Skip the pictures. Output only the lines below starting at the line with "しっとりした湿原の草紅葉は、沼をいっそう神秘的な雰囲気にしていました。" and ending at the line with "2025.11.11 万代高崎 takalab_6", both ends included, exactly as they are.

Records excerpted from a collection:
*-*-*

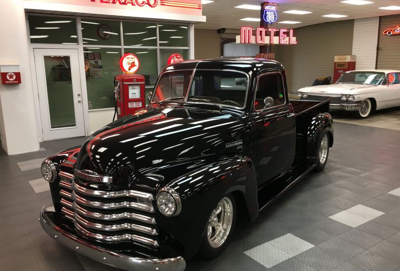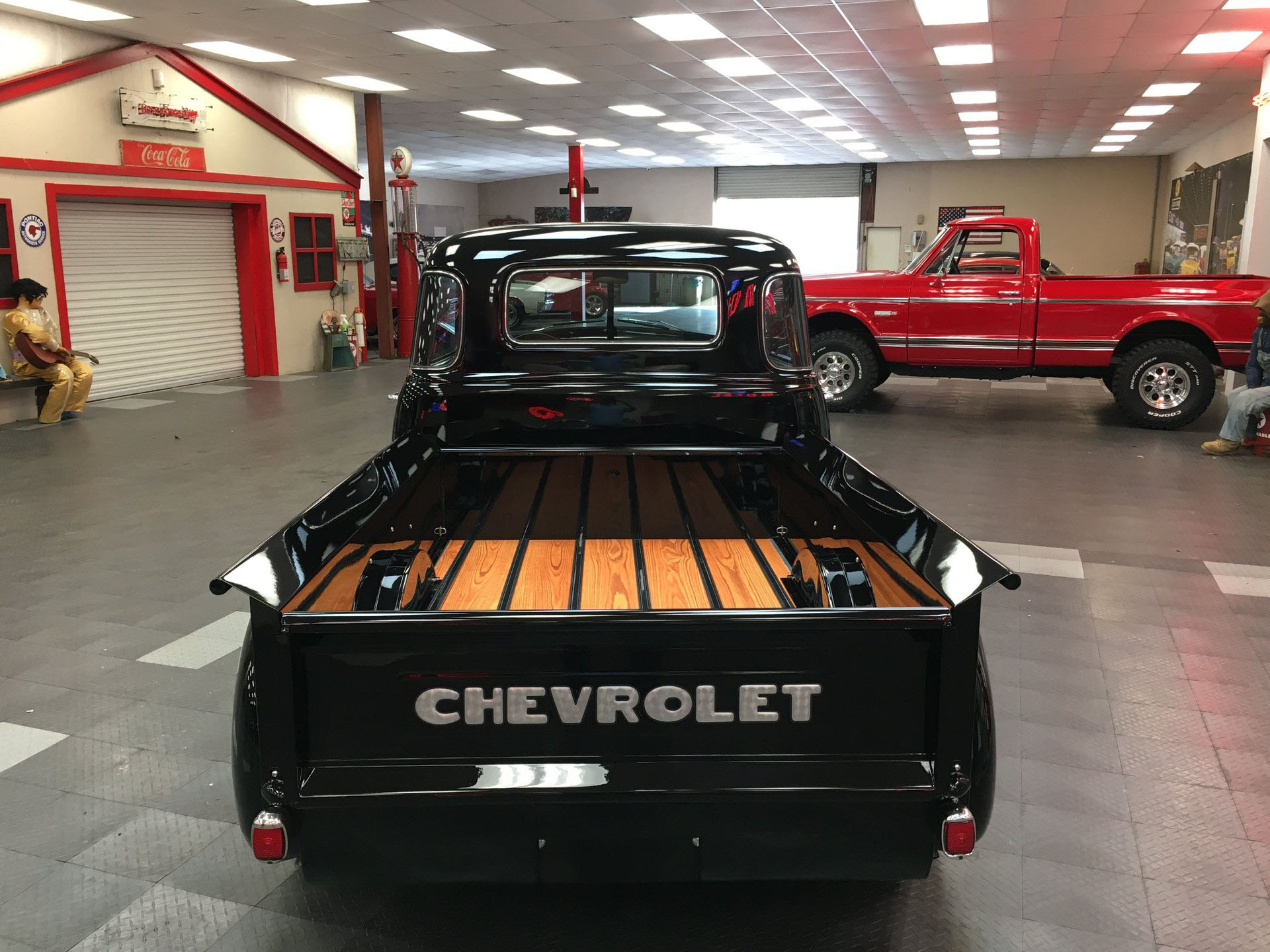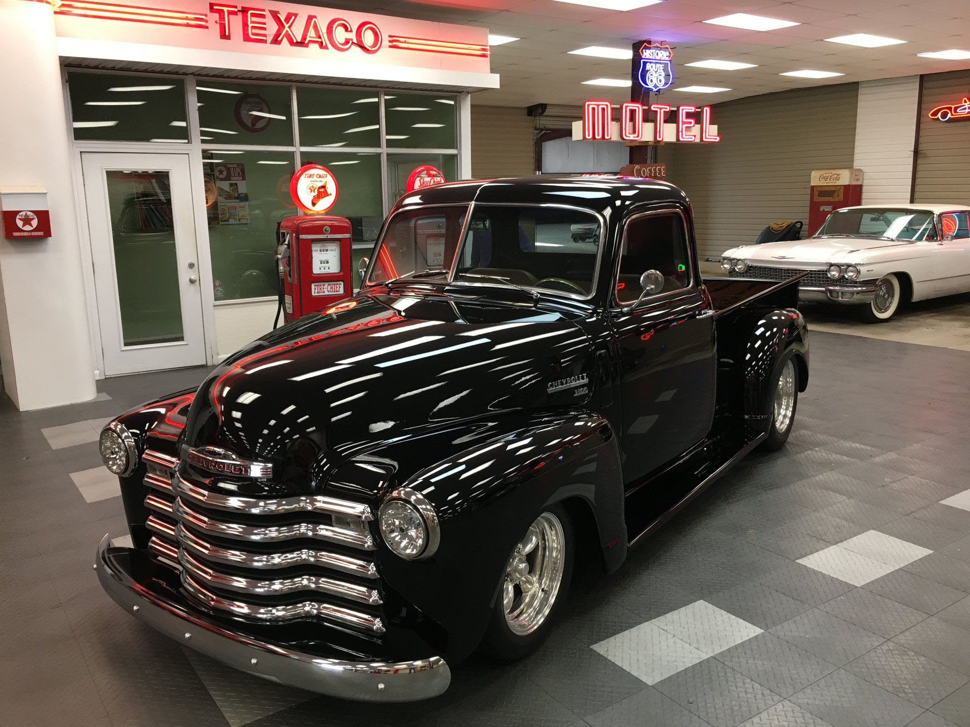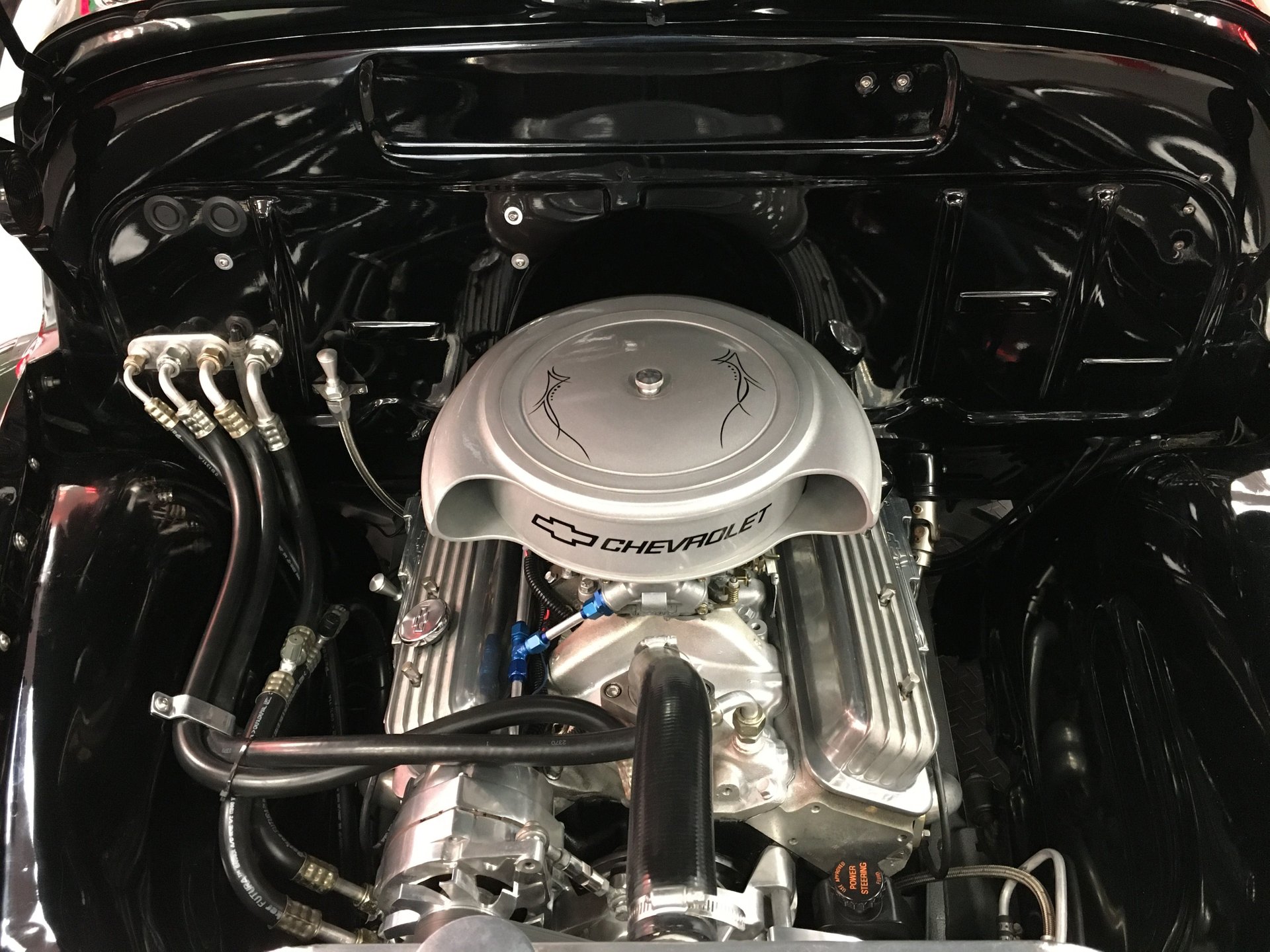 High-end 1950 Chevy 3100 5 Window Restomod with a ZZ4 350 V8, overdrive, A/C, and show-quality black paint—powerful, refined, and ready to impress.
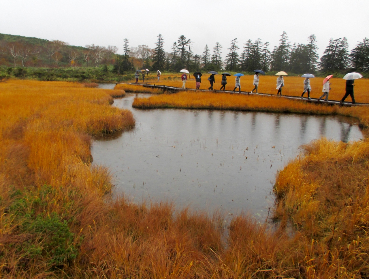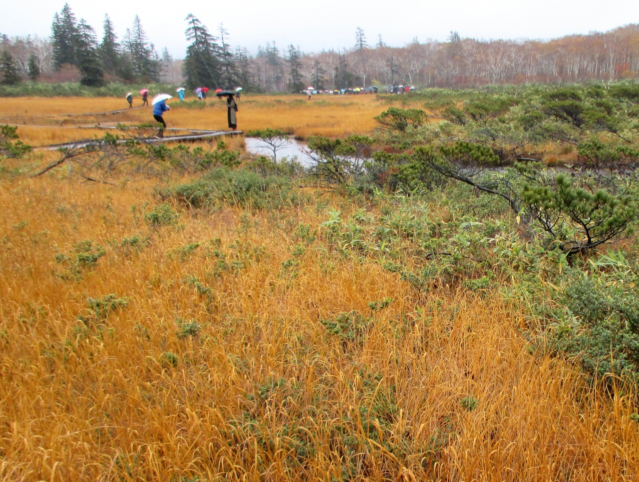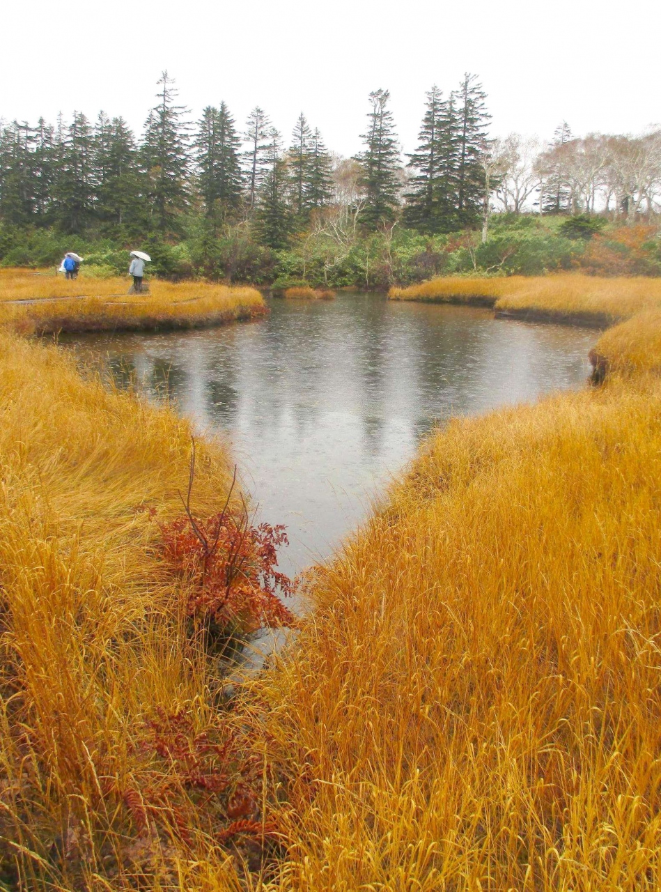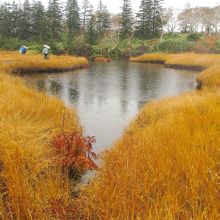 しっとりした湿原の草紅葉は、沼をいっそう神秘的な雰囲気にしていました。
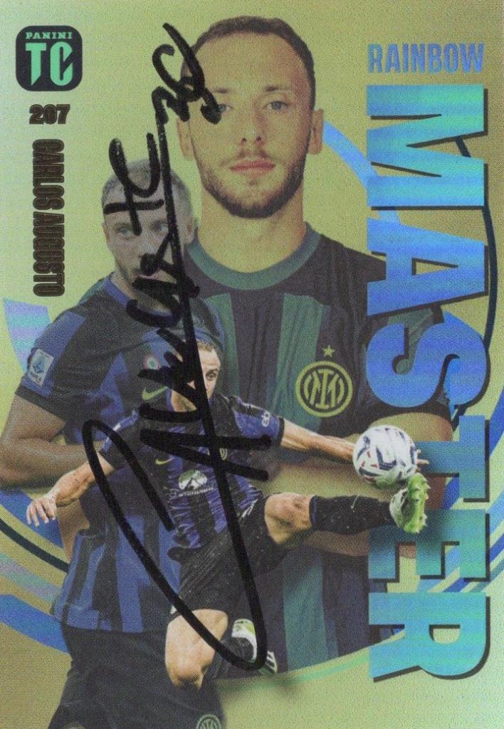 Autografo di Carlos Augusto su card Panini TC (Total Collection) numero 207 edizione Rainbow Master che lo ritrae in azione con la maglia dell’Inter nel layout ufficiale della collezione, firmata sul fronte.
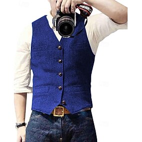 Муж. Твидовый жилет Жилет Официальные Свадьба Отпуск Повседневные Мода Классика Весна Осень Карман Пуговицы Шерсть Твид Удобный Полотняное плетение В елочку Однобортный крой V-образный вырез Лацкан product tag
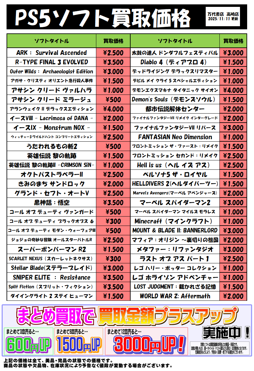 2025.11.11 万代高崎 takalab_6 ◆PS5ソフト買取情報です!◆ ★買取情報★ ※2025/11/11現在の価格となります。 在庫状況・状態によってお値段が変動いたします。予めご了承ください。 ************************************** ⇩その他買取情報はこちら⇩ ★万代書店高崎店WEBチラシ★ ⇩最新のイベント情報はこちら⇩ ★万代書店高崎店イベントカレンダー★ コメントを残す コメントをキャンセルメールアドレスが公開されることはありません。 ※ が付いている欄は必須項目ですコメント ※ 名前 ※ メール ※ サイト 新しいコメントをメールで通知 新しい投稿をメールで受け取る Δ
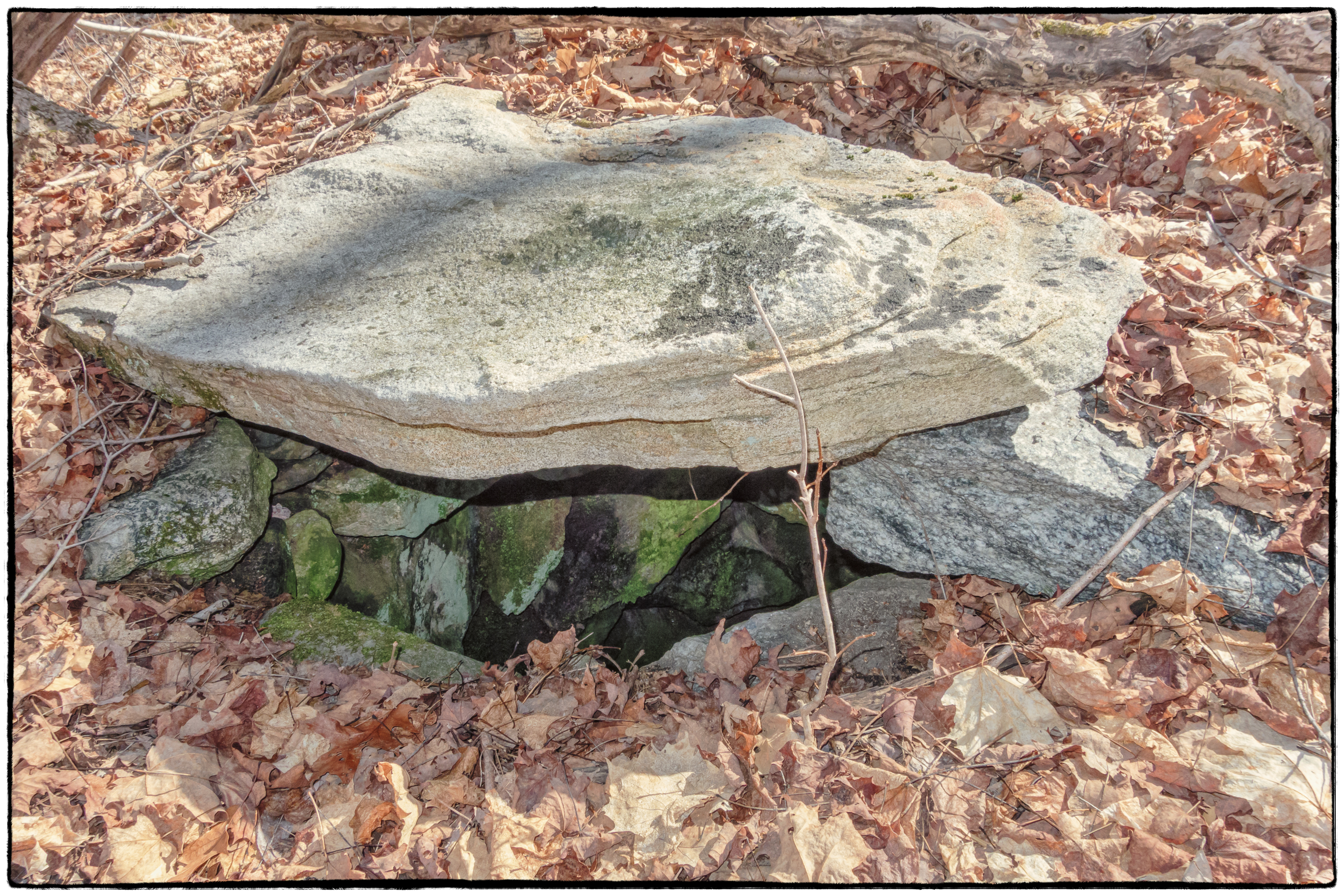 I’d taken the first set of pictures and was about continue walking when I noticed the small structure above. The rock on top seemed to form the roof over some kind of hole so I got down on my knees to see what was down there. I still couldn’t see much (too dark) so I stuck the camera inside and fired the flash. You can see the result below:
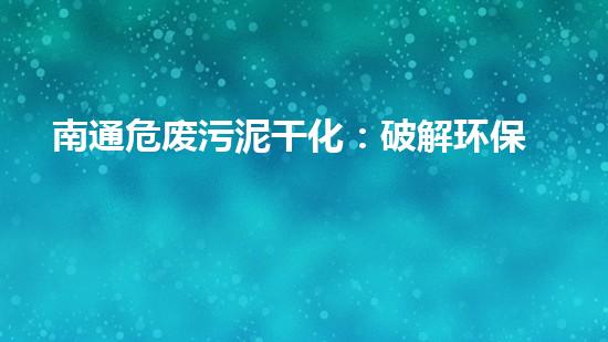 南通危废污泥干化:破解环保难题探寻资源化新路径
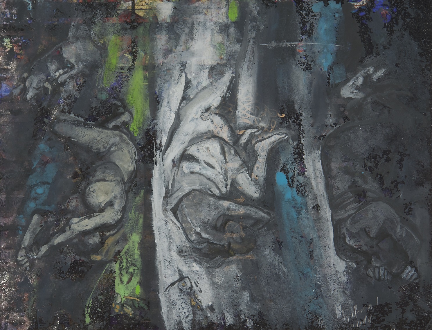 В сънищата става размиване на границите, състояние, в което реалността и фикцията разменят местата си. Сънят е отражението, а то – същността на нещата, материализиране на желанието, на бягството, неудовлетворението и мимолетността. В експозицията силно застъпени са колажите, именно в качеството им на овеществена преходност. Преходните абстрактни отражения, макар и цветни, са ефимерните същности на застиналите спящи фигури, материално изразени в живописта.. Но спираме описанието дотук, защото няма – „..никакво спасение във думите!“ (Хр. Фотев)

*-*-*

SOLUTION TO THE EXERCISE.
 しっとりした湿原の草紅葉は、沼をいっそう神秘的な雰囲気にしていました。
 Autografo di Carlos Augusto su card Panini TC (Total Collection) numero 207 edizione Rainbow Master che lo ritrae in azione con la maglia dell’Inter nel layout ufficiale della collezione, firmata sul fronte.
 Муж. Твидовый жилет Жилет Официальные Свадьба Отпуск Повседневные Мода Классика Весна Осень Карман Пуговицы Шерсть Твид Удобный Полотняное плетение В елочку Однобортный крой V-образный вырез Лацкан product tag
 2025.11.11 万代高崎 takalab_6 ◆PS5ソフト買取情報です!◆ ★買取情報★ ※2025/11/11現在の価格となります。 在庫状況・状態によってお値段が変動いたします。予めご了承ください。 ************************************** ⇩その他買取情報はこちら⇩ ★万代書店高崎店WEBチラシ★ ⇩最新のイベント情報はこちら⇩ ★万代書店高崎店イベントカレンダー★ コメントを残す コメントをキャンセルメールアドレスが公開されることはありません。 ※ が付いている欄は必須項目ですコメント ※ 名前 ※ メール ※ サイト 新しいコメントをメールで通知 新しい投稿をメールで受け取る Δ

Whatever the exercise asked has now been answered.